2. The distribution device of claim 1, wherein the device logic is configured to distribute a set of packets including the packet, including distributing a first subset of the set of packets through the first output port and a second subset of the set of packets through the second output port, wherein the first subset is lager than the second subset in proportion to which the first weight is larger than the second weight.

3. The distribution device of claim 1, wherein each packet of the set of packets includes the packet attribute.

4. The distribution device of claim 1, wherein the first weight and the second weight correspond, respectively, to a first number of entries stored in at least one memory and to a second number of entries stored in the at least one memory.

5. The distribution device of claim 1, wherein the first equal cost path and the second equal cost path are associated with first network traffic and second network traffic, respectively, that are unrelated to the packet, and wherein the first network traffic is less than the second network traffic.

6. The distribution device of claim 5, wherein the first network traffic is less than the second network traffic in approximate proportion to an extent to which the first weight is larger than the second weight.

7. The distribution device of claim 1, wherein the device logic comprises: a first lookup unit including an acknowledgment unit configured to acknowledge whether multiple equal cost-paths exist, a first referencing unit configured to reference a second lookup unit when multiple equal-cost paths do exist, and a second referencing unit configured to reference a third lookup unit otherwise, the second lookup unit including a second distribution unit configured to distribute the packet across the set of ports and a third referencing unit for referencing the third lookup unit, and the third lookup unit including a selection unit configured to select between the first port and the second port.

8. The distribution device of claim 7 wherein the second lookup unit includes multiple entries, each referencing a common set of instructions in the third lookup unit.

9. The distribution device of claim 8 wherein, in the second lookup unit, a first number of entries associated with the first packet determines the first weight, and a second number of entries associated with the second packet determines the second weight.

10. A method of distributing data across a network, comprising: providing a distribution device configured to distribute a set of packets across a set of equal-cost paths in the network; and distributing each packet in the set of packets across the set of equal-cost paths according to a weighted distribution in which a weight is assigned to each packet in proportion to relative loads of the set of equal-cost paths and a packet with a relatively higher weight is more likely to be distributed to an equal-cost path of the set of equal-cost paths having a relatively smaller network traffic load.

11. The method of claim 10 wherein the weight of each packet corresponds to a number of entries in a memory.

12. The method of claim 10 wherein the distributing further comprises using a packet attribute from each packet to determine the weighted distribution.

13. The method of claim 12 wherein the distributing comprises performing a hashing function on the packet attribute.

14. The method of claim 13 wherein the packet attribute includes one or more of a source address, a next-hop address, or a destination address.
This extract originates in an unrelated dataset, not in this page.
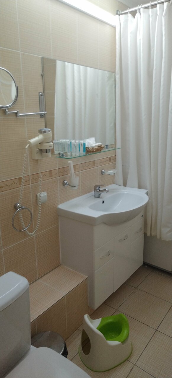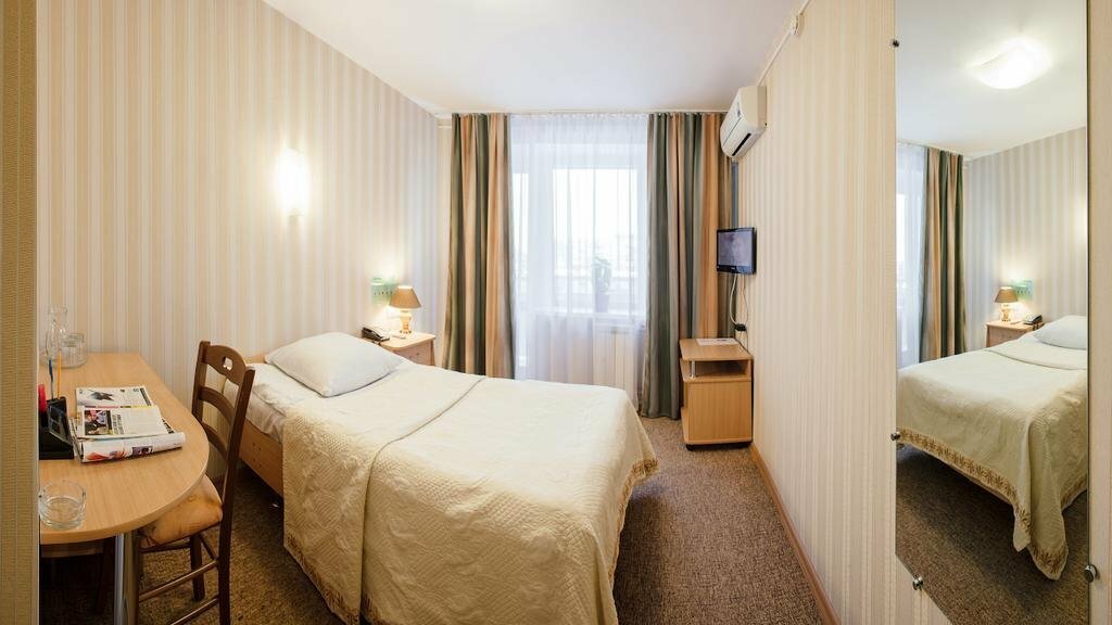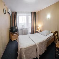 Очень качественная гостиница, хотя и три звёзды. Персонал вежливый, отзывчивый. В номере все необходимое есть, телевизор, холодильник, в санузел халат, шампуни. А кафе вообще супер вкусно и очень бюджетно!

15. The method of claim 10, wherein the distributing comprises obtaining a match between a longest prefix in a first packet and a portion of a first set of instructions in a first compilation of sets of instructions.
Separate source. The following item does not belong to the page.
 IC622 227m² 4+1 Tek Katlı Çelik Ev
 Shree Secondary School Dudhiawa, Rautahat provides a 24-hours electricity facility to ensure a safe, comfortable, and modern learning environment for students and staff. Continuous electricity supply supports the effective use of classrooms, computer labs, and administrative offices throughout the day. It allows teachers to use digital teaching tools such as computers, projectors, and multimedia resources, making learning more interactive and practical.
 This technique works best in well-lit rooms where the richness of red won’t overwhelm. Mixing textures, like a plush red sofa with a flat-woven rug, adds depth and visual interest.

16. The method of claim 15, wherein the distributing comprises using a pointer portion from the first set of instructions to select a second set of instructions from a second compilation of sets of instructions, wherein the first set of instructions includes a first value that specifies how much weight is to be given to each equal-cost path in the set of equal-cost paths.

17. The method of claim 10, further comprising updating a compilation of sets of instructions used to determine the weighted distribution, wherein the compilation is updated based on a best-fit algorithm.
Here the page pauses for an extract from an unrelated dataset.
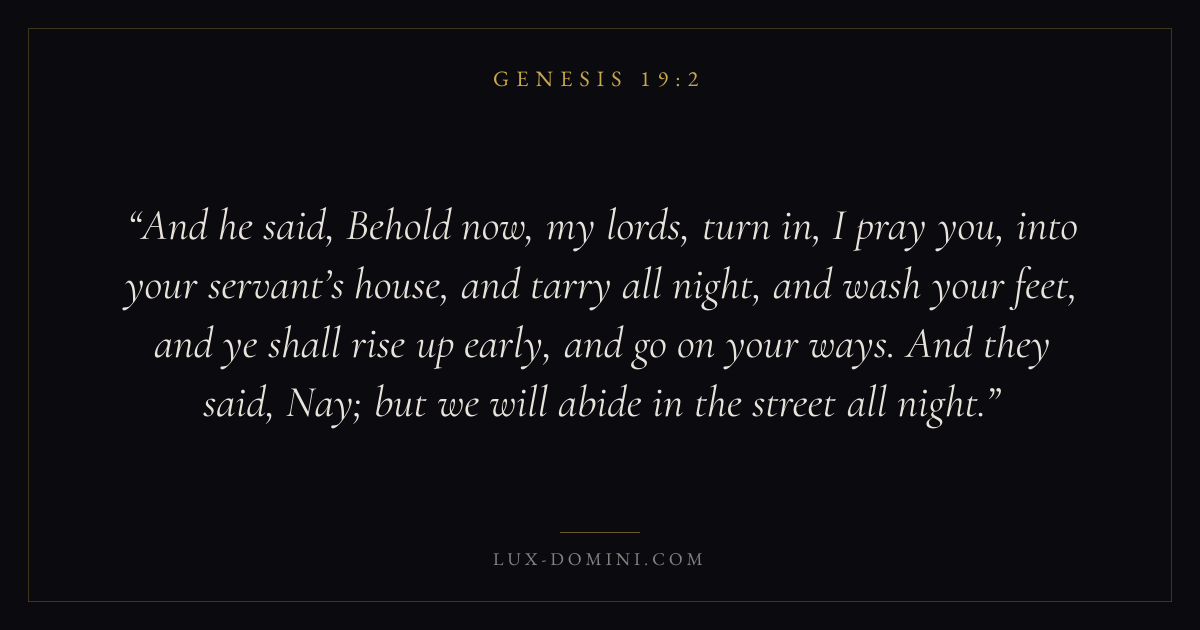 And he said, Behold now, my lords, turn in, I pray you, into your servant’s house, and tarry all night, and wash your feet, and ye shall rise up early, and go on your ways. And they said, Nay; but we will abide in the street all night.

18. A device for distributing packets across a network, the device comprising: a set of interface means; distribution means for distributing a set of packets entering the device through a first interface means of the set of interface means such that packets in the set of packets are distributed across all interface means in the set of interface means operably-connected to equal-cost paths according to a weighted distribution so that at least one of said packets is given greater weight to be distributed across at least one of said equal-cost paths than at least one other of said equal-cost paths

19. The device of claim 18 wherein said packet weight corresponds to a number of entries stored in a memory.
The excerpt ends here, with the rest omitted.